Sopotnica (Сoпoτница) is a village in North Macedonia. It used to be a separate municipality but is now part of the Demir Hisar Municipality.

The area of Sopotnica includes a mix of rural and urban environments. Settled areas range from smaller villages such as Boište, Cerovo and Virovo, located in the mountainous area of Sopotnica, to places with elements of urban living, such as Sopotnica, the administrative centre of the former Municipality of Sopotnica.
A key characteristic of the area is the contrast between the wild landscapes and the man-made features of cultivated areas.

The area of Sopotnica is rich in natural resources, and has significant cultural and historical heritage.

==Demography==
===Demographic history===

According to Vasil Kanchov's study of Macedonia in 1900, "Macedonia, Ethnography and Statistics", (Македония. Етнография и статистика), counted the village as having 560 inhabitants, all of whom were counted as Bulgarian Christians.

Dimitar Mišev's 1905 study of the Bulgarian Exarchate, Macedonia and its Christian population (La Macédoine et sa Population Chrétienne), counted 640 exarchists in the village.
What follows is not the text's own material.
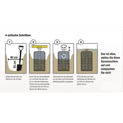 Es wird kein Beton benötigt und der Bodenständer ist einfach einzusetzen. Der Bodenständer ist aus Kunststoff und Stahl in der Farbe anthrazit. Der Ständer ist geeignet für Ampelschirme bis 300×300 cm oder Ø 350 cm mit einem Lochabstand der Bodenplatte 76, 95 oder 113 mm. Passend für alle Siena Garden N+ Ampelschirm-Modelle „Alphawing N+“, „Ikarus N+“, „Sunset N+“, „California N+“.

| Demographics of Sopotnica | |
| Census year | Population |

| 1961 | 956 |

| 1994 | 989 |

| 2002 | 929 |

===Demographics today===
According to the 2002 census, the village had a total of 929 inhabitants. Ethnic groups in the village include:

- Macedonians 926
- Serbs 3

The majority of the population was elderly and the proportion of young people was below the national average.